*** Opening of DATA SECTION ***

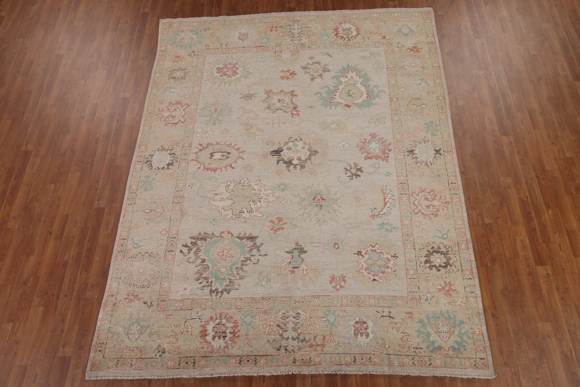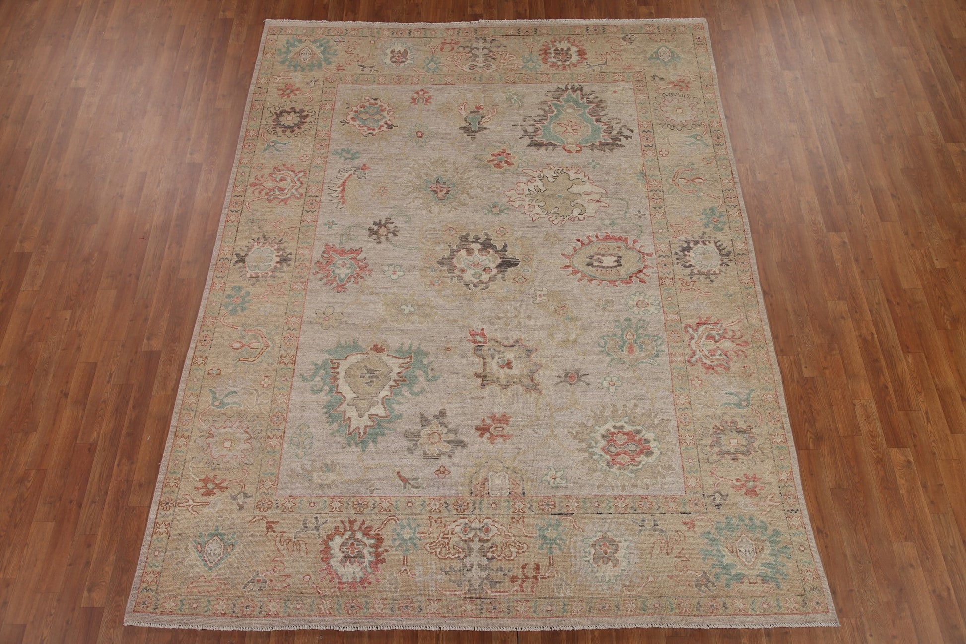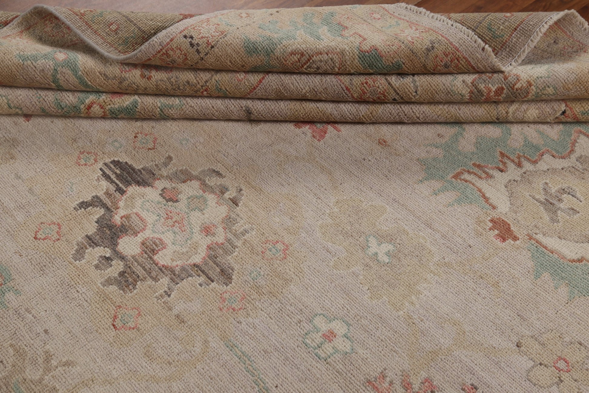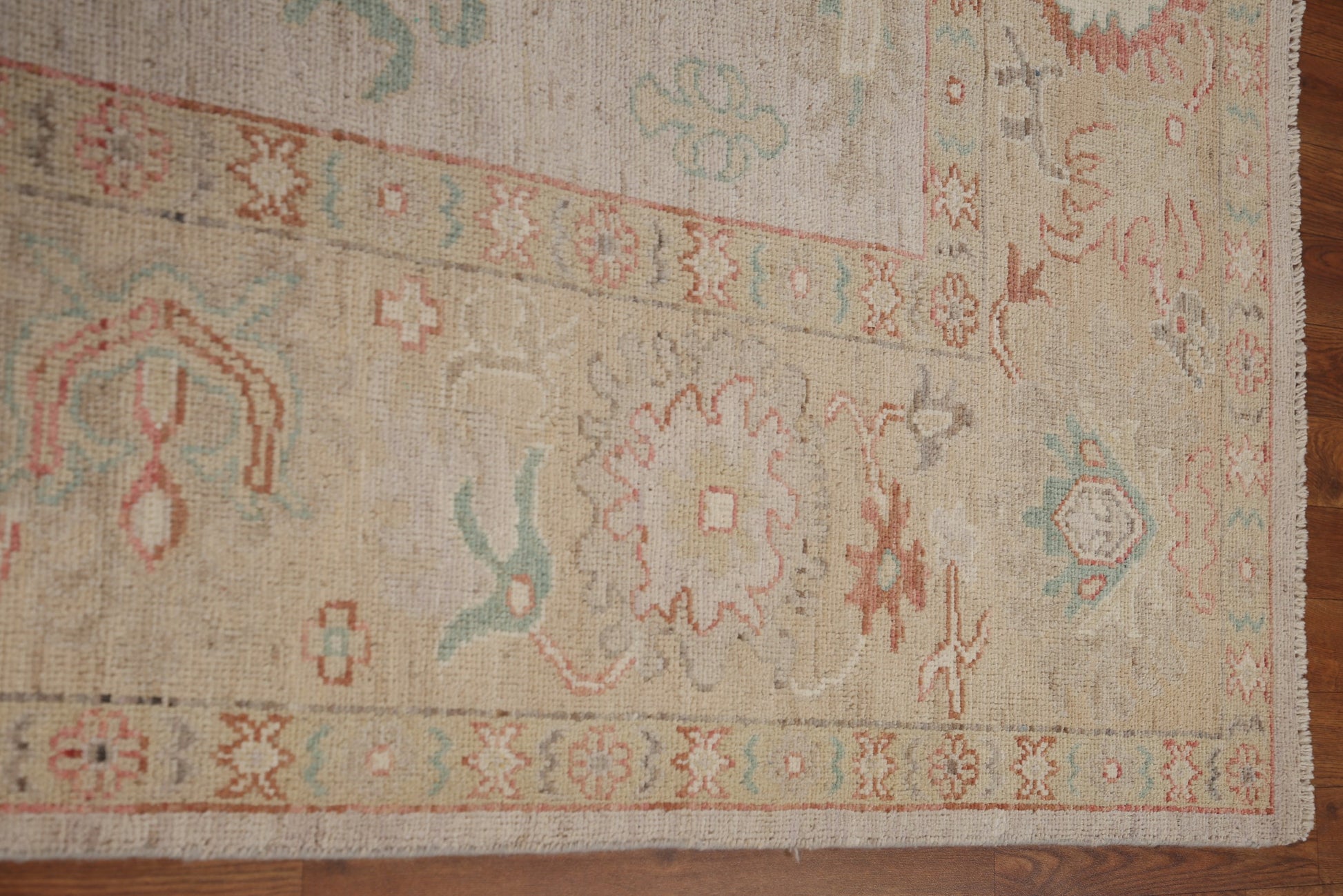 A Beautiful Genuine Turkey Oushak rug is Hand Knotted by skillful weavers in Turkey with 100% Wool Material. This rug is in New, First Quality condition. dimensions are 10' 0'' X 7' 9'' in foot and 305 X 236 in centimeter. the primary color is Beige & Ivories.
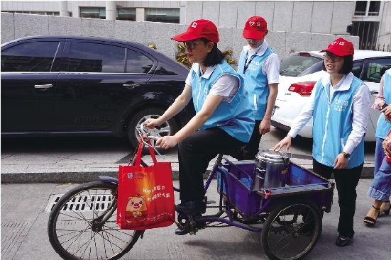 “蹬三轮车不比开车简单,车头轻、车身重,一下就蹬歪了。”客户经理吴丹萍笑着说,“起初我信心满满地上车,可这车子就是不受控制,总是不自觉地往墙上撞。为了不把准备送出去的点心掀翻,经常是一人骑车,身后再配备两个‘保镖’。”
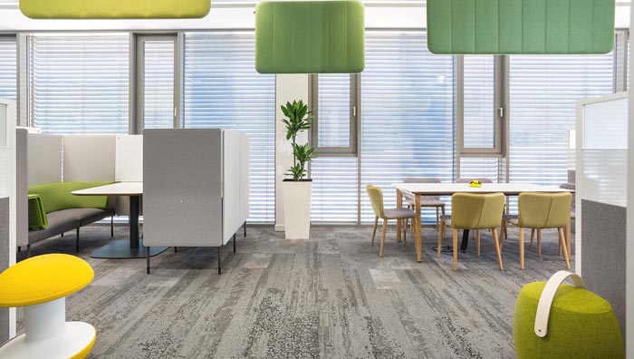 辦公區(qū)域的設(shè)計:設(shè)計師將辦公區(qū)域都安置在靠近窗戶的空間之內(nèi),這也是業(yè)主要求的,因為業(yè)主希望員工可以每天都可以感受到光、感受到外界的陰晴變化,設(shè)計師以白色為主色調(diào),灰色地毯加以輔助,土黃色、木色、淺綠色加以點綴,讓實用與舒適達到極致。
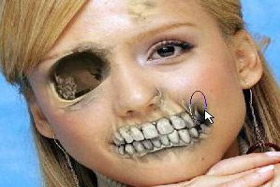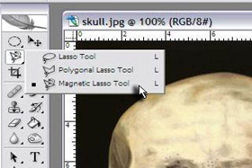 Izberite orodje Magnetic Lasso Tool in začnite očrtovati lobanjo. Ko končate pritisnite tipki Ctrl + C da sliko kopirate. |
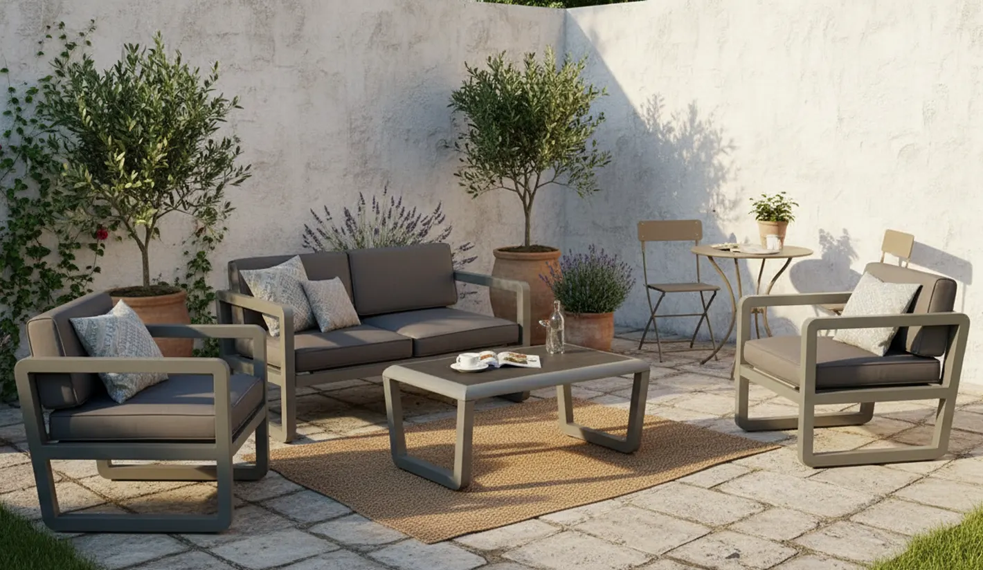Elegante set de muebles de jardín de aluminio color gris, perfecto para terrazas, patios y zonas de exterior.
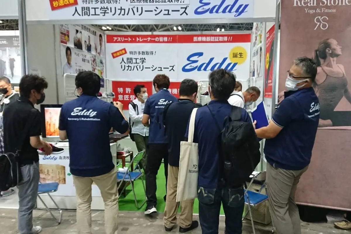 Eddyブースには、初日よりアスリートやスポーツ業界のみならず、医療・福祉・美容業界などいろいろな業界の方が来場し、取引のご希望や商品コラボのオファーをいただきました。実際に履いて歩いた後の血行改善効果を、血流スコープにより視覚的に確認しながら説明を受けた来場者より一つ一つの機能に共感をいただき、さっそくEddyに心を掴まれるファンが生まれ大成功で幕を閉じました。
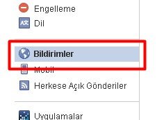 Tüm bildirim ayarlarını düzenleyebilmek için solda açılan menüden “Bildirimler” seçeneğine tıklıyoruz.
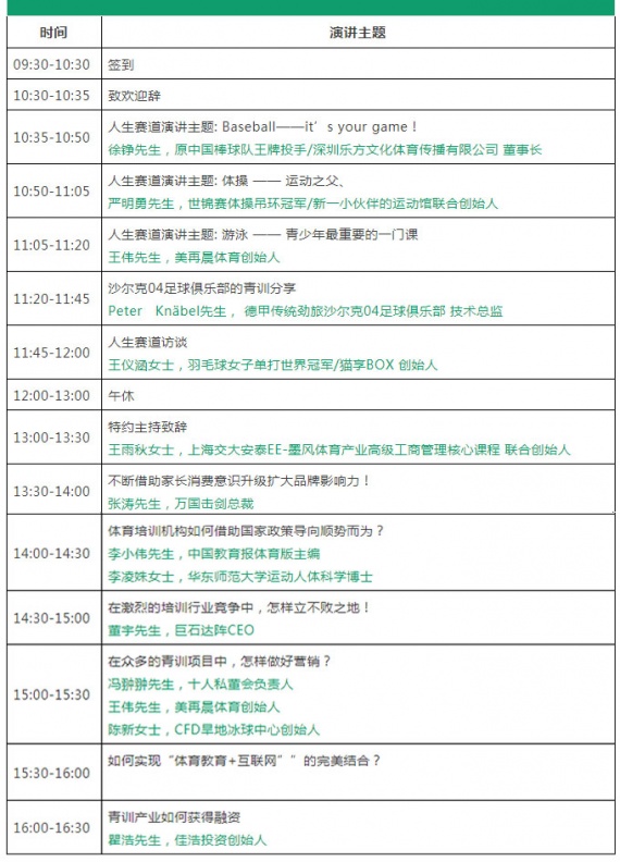 ![]() 以上是來自一對母子的真實對話,從中我們不難發現國內兒童運動市場正處于蓬勃發展中。現當下除了在孩子的課堂教育苦下功夫以外,年輕的80,90后父母們也越來越重視孩子們的品質能力等綜合素質上的培養。 不論是參加專項的體育培訓機構,還是讓孩子嘗試考驗綜合素質的營地教育,年輕父母的消費觀念也反映出兒童運動行業的高速發展前景。 ISPO Shanghai 再度攜手上海市體育局舉辦“人生賽道”活動,上海市明星運動員王儀涵、徐錚、嚴明勇傾情加盟,在兒童運動產業發展論壇的全局中,著眼當下,放觀市場發展,不僅有冠軍人生背后激勵人心的故事,更有最前端的青訓產業信息分享。這個夏天,童年不“童“樣,一切最準確,最前端,最有童趣的信息,都算在ISPO Shanghai 中國兒童運動產業發展論壇,等你來獲取! ![]() ![]() 論壇日程安排: ![]() 嘉賓介紹(以下排名不分先后): ![]() ![]() ![]() ![]() ![]() ![]() ![]() ![]() ![]() ![]() |
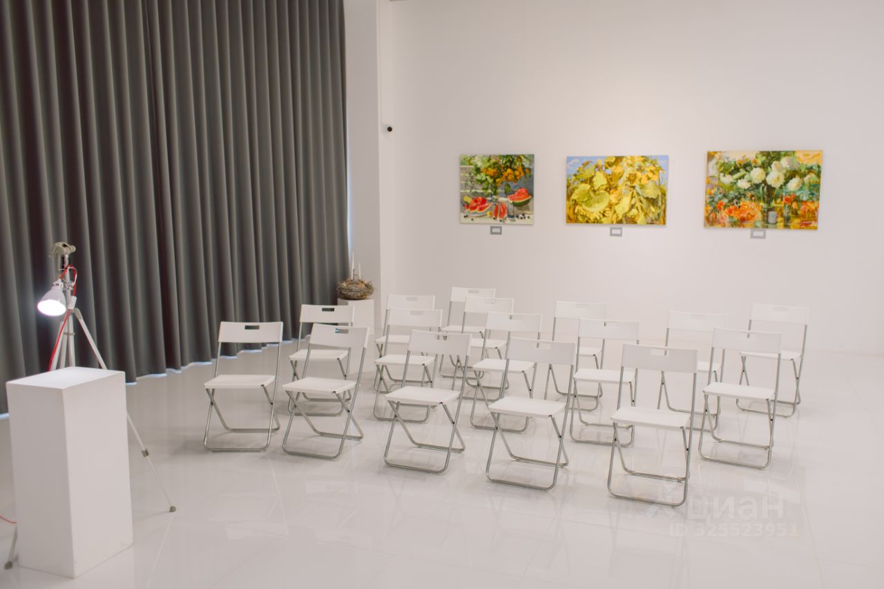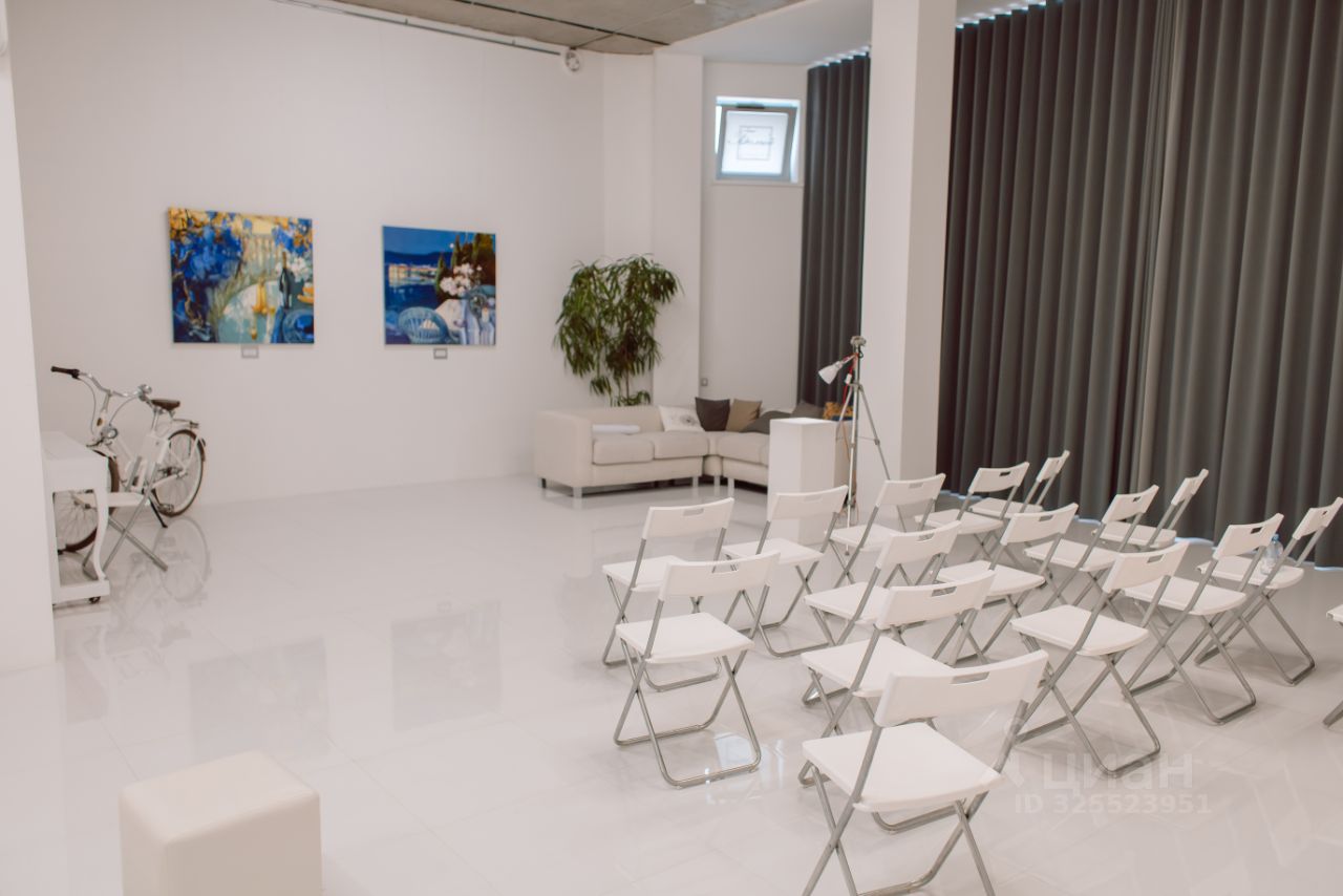 Основные характеристики: •площадь: 370 м² •этаж: 2й (лифт отсутствует) •высота потолков: 3,5 м •окна: витражные •возраст помещения: 3 года •статус: в собственности (не субаренда)
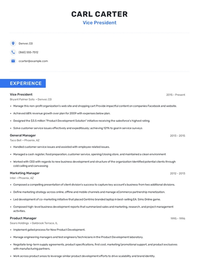 Build a professional vice president resume in minutes. Browse through our resume examples to identify the best way to word your resume. Then choose from 5+ resume templates to create your vice president resume.
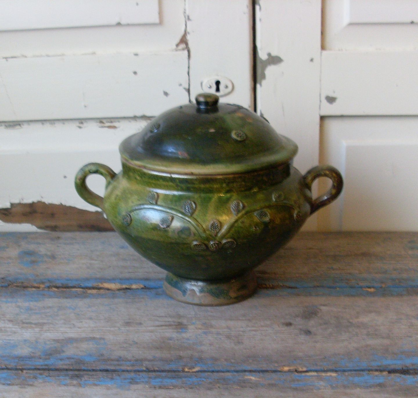 Grønglaseret terrin fra Skotterup, dekoreret med modellerede blade.
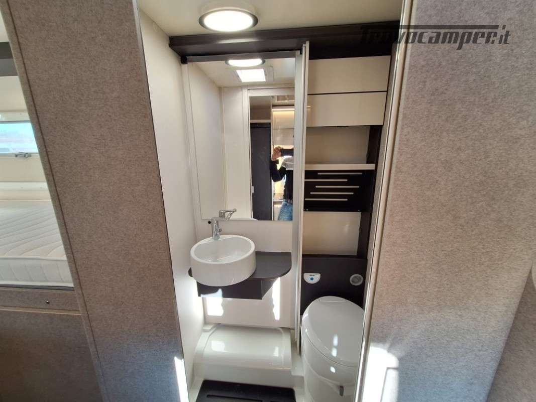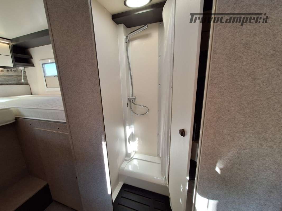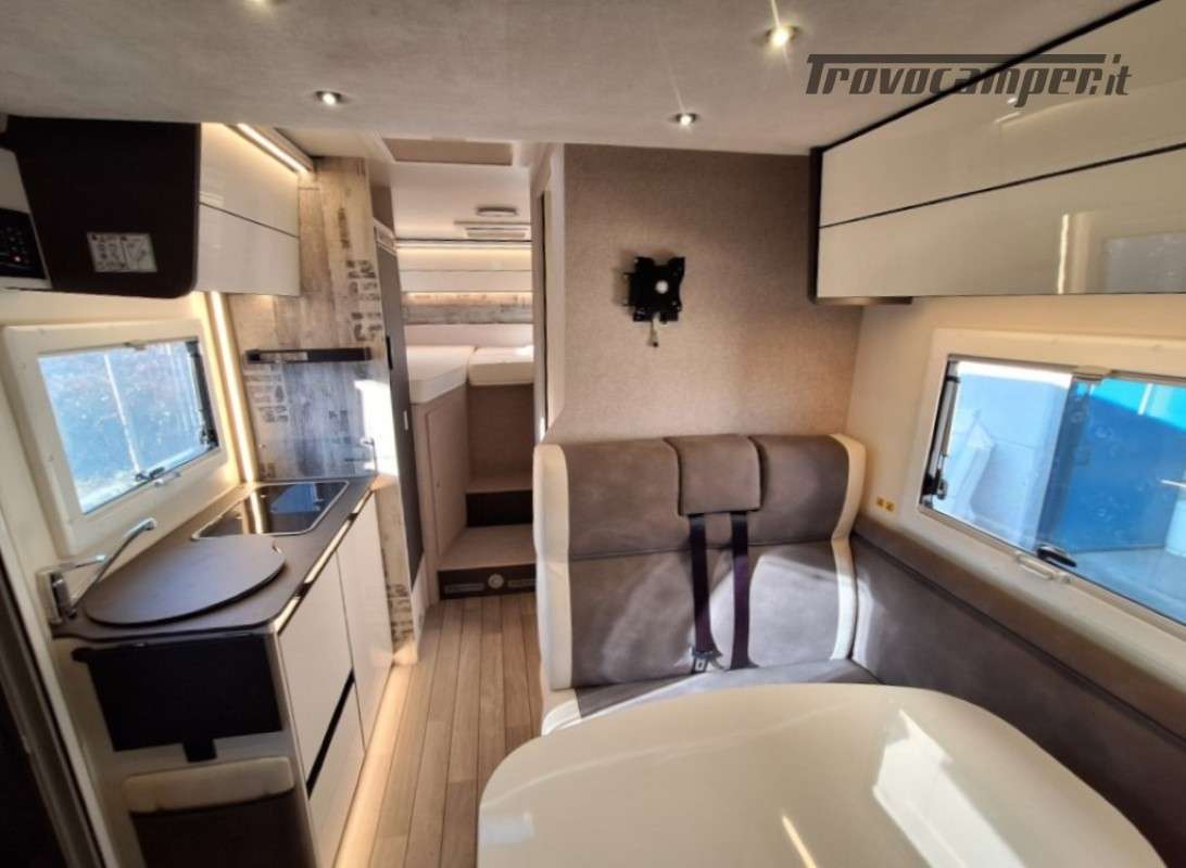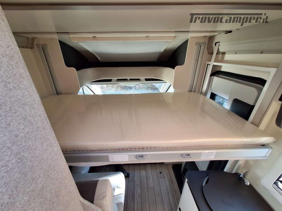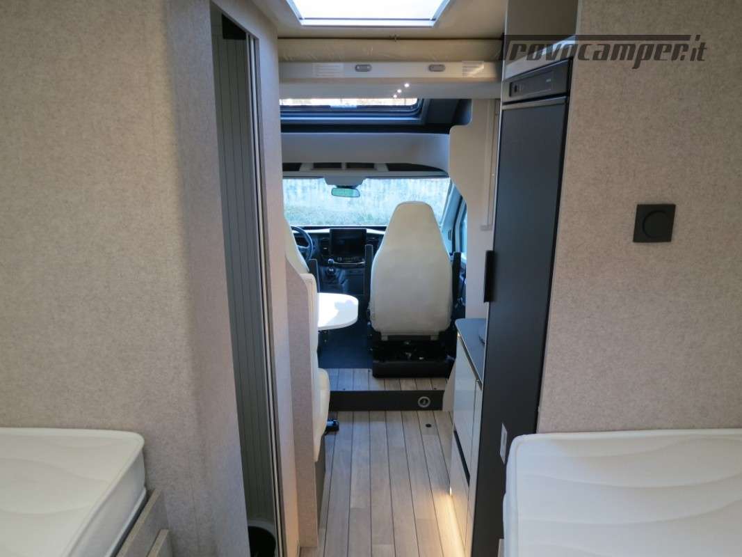 Con letti gemelli in coda, e letto basculante singolo, questo camper è anche dotato di un piccolo garage che può ospitare fino a 2 bici.
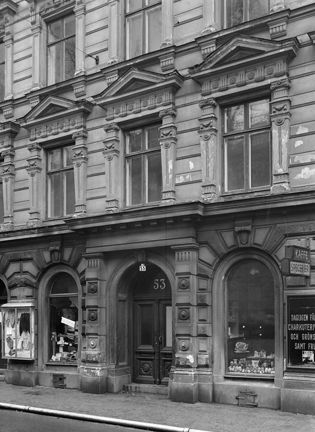 Högbergsgatan 53 före rivning 1950. Portalen och del av fasaden
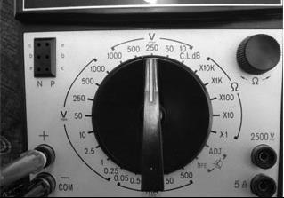 (1)万用表正面(如图 2-1 所示)上部是微安表,中间有一个机械调零器,用以校准表针的零位。下部为操作面板,面板中央为测量选择开关,左下角有正、负表笔插孔,右下角有交直流 2500V 和 5A 专用插孔,右上角为欧姆挡调零旋钮,左上角是晶体管插孔。

*** Close of DATA SECTION ***

WHAT THE TASK ASKS. Could the listing above be transcribed exactly, with the pictures left out?

EXERCISE SOLUTION.
 A Beautiful Genuine Turkey Oushak rug is Hand Knotted by skillful weavers in Turkey with 100% Wool Material. This rug is in New, First Quality condition. dimensions are 10' 0'' X 7' 9'' in foot and 305 X 236 in centimeter. the primary color is Beige & Ivories.
 “蹬三轮车不比开车简单,车头轻、车身重,一下就蹬歪了。”客户经理吴丹萍笑着说,“起初我信心满满地上车,可这车子就是不受控制,总是不自觉地往墙上撞。为了不把准备送出去的点心掀翻,经常是一人骑车,身后再配备两个‘保镖’。”
 辦公區(qū)域的設(shè)計:設(shè)計師將辦公區(qū)域都安置在靠近窗戶的空間之內(nèi),這也是業(yè)主要求的,因為業(yè)主希望員工可以每天都可以感受到光、感受到外界的陰晴變化,設(shè)計師以白色為主色調(diào),灰色地毯加以輔助,土黃色、木色、淺綠色加以點綴,讓實用與舒適達到極致。
 Izberite orodje Magnetic Lasso Tool in začnite očrtovati lobanjo. Ko končate pritisnite tipki Ctrl + C da sliko kopirate. |
Elegante set de muebles de jardín de aluminio color gris, perfecto para terrazas, patios y zonas de exterior.
 Eddyブースには、初日よりアスリートやスポーツ業界のみならず、医療・福祉・美容業界などいろいろな業界の方が来場し、取引のご希望や商品コラボのオファーをいただきました。実際に履いて歩いた後の血行改善効果を、血流スコープにより視覚的に確認しながら説明を受けた来場者より一つ一つの機能に共感をいただき、さっそくEddyに心を掴まれるファンが生まれ大成功で幕を閉じました。
 Tüm bildirim ayarlarını düzenleyebilmek için solda açılan menüden “Bildirimler” seçeneğine tıklıyoruz.
 ![]() 以上是來自一對母子的真實對話,從中我們不難發現國內兒童運動市場正處于蓬勃發展中。現當下除了在孩子的課堂教育苦下功夫以外,年輕的80,90后父母們也越來越重視孩子們的品質能力等綜合素質上的培養。 不論是參加專項的體育培訓機構,還是讓孩子嘗試考驗綜合素質的營地教育,年輕父母的消費觀念也反映出兒童運動行業的高速發展前景。 ISPO Shanghai 再度攜手上海市體育局舉辦“人生賽道”活動,上海市明星運動員王儀涵、徐錚、嚴明勇傾情加盟,在兒童運動產業發展論壇的全局中,著眼當下,放觀市場發展,不僅有冠軍人生背后激勵人心的故事,更有最前端的青訓產業信息分享。這個夏天,童年不“童“樣,一切最準確,最前端,最有童趣的信息,都算在ISPO Shanghai 中國兒童運動產業發展論壇,等你來獲取! ![]() ![]() 論壇日程安排: ![]() 嘉賓介紹(以下排名不分先后): ![]() ![]() ![]() ![]() ![]() ![]() ![]() ![]() ![]() ![]() |
 Основные характеристики: •площадь: 370 м² •этаж: 2й (лифт отсутствует) •высота потолков: 3,5 м •окна: витражные •возраст помещения: 3 года •статус: в собственности (не субаренда)
 Build a professional vice president resume in minutes. Browse through our resume examples to identify the best way to word your resume. Then choose from 5+ resume templates to create your vice president resume.
 Grønglaseret terrin fra Skotterup, dekoreret med modellerede blade.
 Con letti gemelli in coda, e letto basculante singolo, questo camper è anche dotato di un piccolo garage che può ospitare fino a 2 bici.
 Högbergsgatan 53 före rivning 1950. Portalen och del av fasaden
 (1)万用表正面(如图 2-1 所示)上部是微安表,中间有一个机械调零器,用以校准表针的零位。下部为操作面板,面板中央为测量选择开关,左下角有正、负表笔插孔,右下角有交直流 2500V 和 5A 专用插孔,右上角为欧姆挡调零旋钮,左上角是晶体管插孔。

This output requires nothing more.